**Available data**
[Start of section]

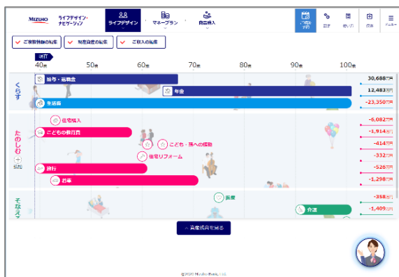
ライフデザイン年表

また、資産残高推移では、お金の面で自分のライフデザイン年表の人生を実現できるのかを確認し、必要な対策について具体的に考えることができます。
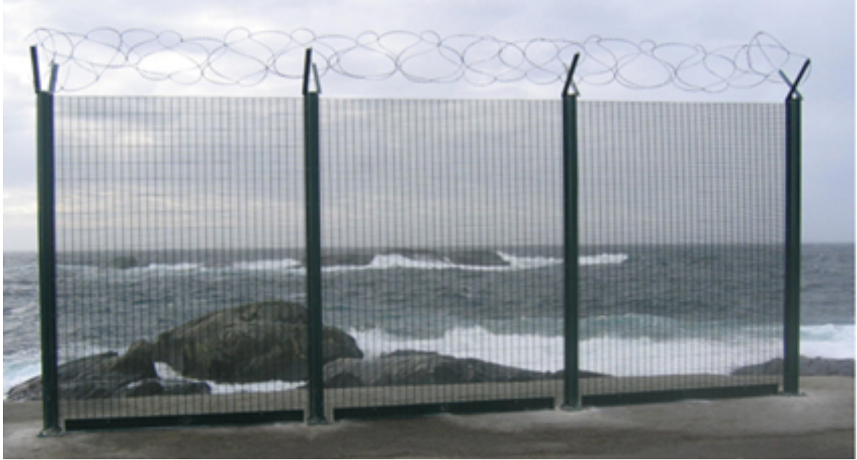
Bilde 3: "Terrorgjerde" (tittel hentet fra leverandør).

[End of section]

**What to do**
Please print the listing above again word for word, without its pictures.

**Task response**
ライフデザイン年表

また、資産残高推移では、お金の面で自分のライフデザイン年表の人生を実現できるのかを確認し、必要な対策について具体的に考えることができます。
Bilde 3: "Terrorgjerde" (tittel hentet fra leverandør).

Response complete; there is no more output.